## Brief
Output every record verbatim, and omit each picture.

....................

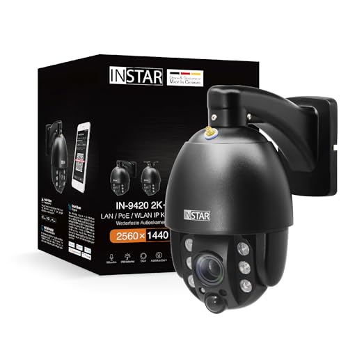 Die INSTAR IN-9420 2K+ besticht durch ihr robustes Gehäuse aus Aluminium, das sowohl Haltbarkeit als auch eine ansprechende Ästhetik bietet. Die Kamera ist in einem matten Schwarz gehalten, was sie in verschiedenen Umgebungen unauffällig macht. Mit ihren PTZ-Funktionen (Schwenk- und Neigefunktionen) ermöglicht sie eine flexible Montage, die sowohl im Innen- als auch im Außenbereich effektiv eingesetzt werden kann. Kundenbewertungen heben hervor, dass die Kamera auch extremen Wetterbedingungen standhält und somit ideal für die Überwachung von Gärten oder gewerblichen Räumlichkeiten geeignet ist.
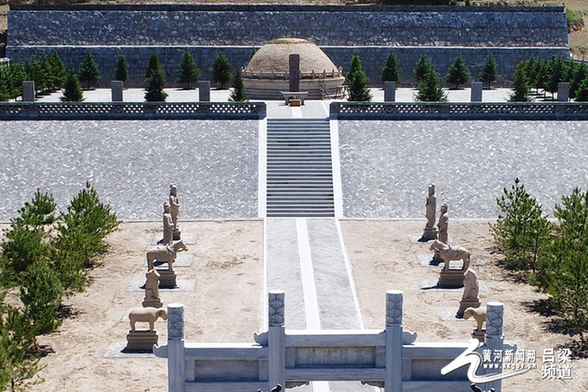 黄河新闻网吕梁讯 5月26日,山西吕梁市方山县,修复后的于成龙墓园庄严肃穆,墓冢背靠高山,绿树环抱,墓前有牌坊,两旁竖立着石人、石马、石羊等。
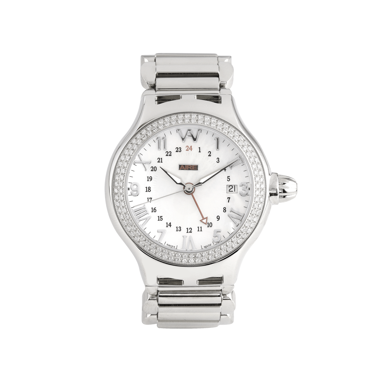 • Signature Arabic/Roman numeral markers and 12/24 Hour time indicators dial
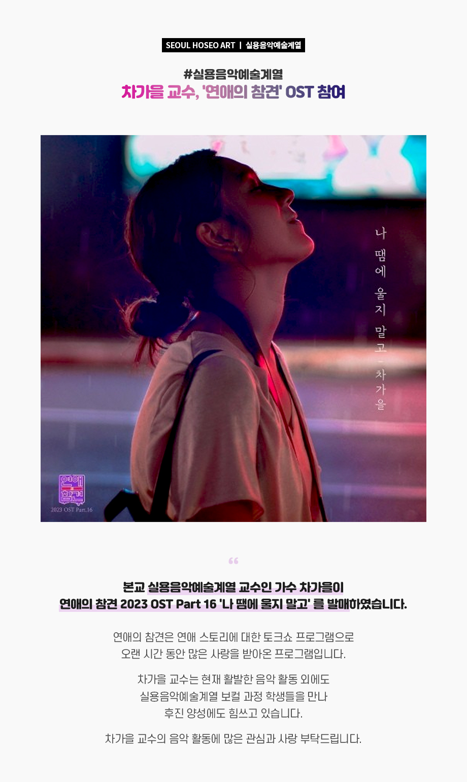 실용음악예술계열 차가을 교수, '연애의 참견' OST 참여
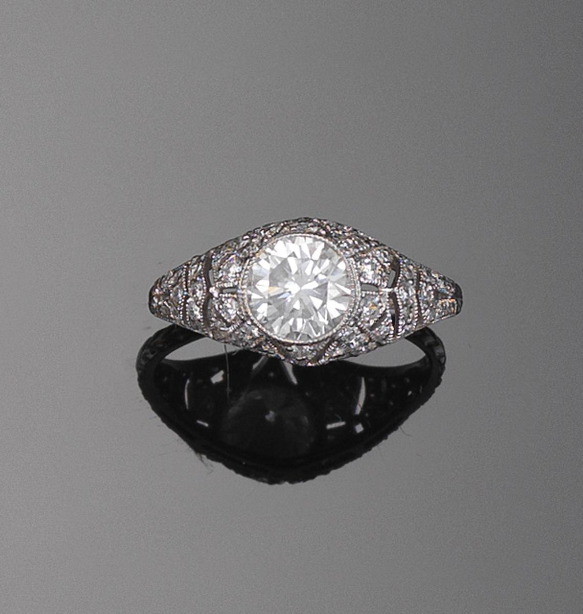A diamond cluster ring, the centre circular cut diamond is set in platinum and millegrain set with smaller diamonds to the shoulders. Size M 1/2.

....................

## Result of this task
 Die INSTAR IN-9420 2K+ besticht durch ihr robustes Gehäuse aus Aluminium, das sowohl Haltbarkeit als auch eine ansprechende Ästhetik bietet. Die Kamera ist in einem matten Schwarz gehalten, was sie in verschiedenen Umgebungen unauffällig macht. Mit ihren PTZ-Funktionen (Schwenk- und Neigefunktionen) ermöglicht sie eine flexible Montage, die sowohl im Innen- als auch im Außenbereich effektiv eingesetzt werden kann. Kundenbewertungen heben hervor, dass die Kamera auch extremen Wetterbedingungen standhält und somit ideal für die Überwachung von Gärten oder gewerblichen Räumlichkeiten geeignet ist.
 黄河新闻网吕梁讯 5月26日,山西吕梁市方山县,修复后的于成龙墓园庄严肃穆,墓冢背靠高山,绿树环抱,墓前有牌坊,两旁竖立着石人、石马、石羊等。
 • Signature Arabic/Roman numeral markers and 12/24 Hour time indicators dial
 실용음악예술계열 차가을 교수, '연애의 참견' OST 참여
A diamond cluster ring, the centre circular cut diamond is set in platinum and millegrain set with smaller diamonds to the shoulders. Size M 1/2.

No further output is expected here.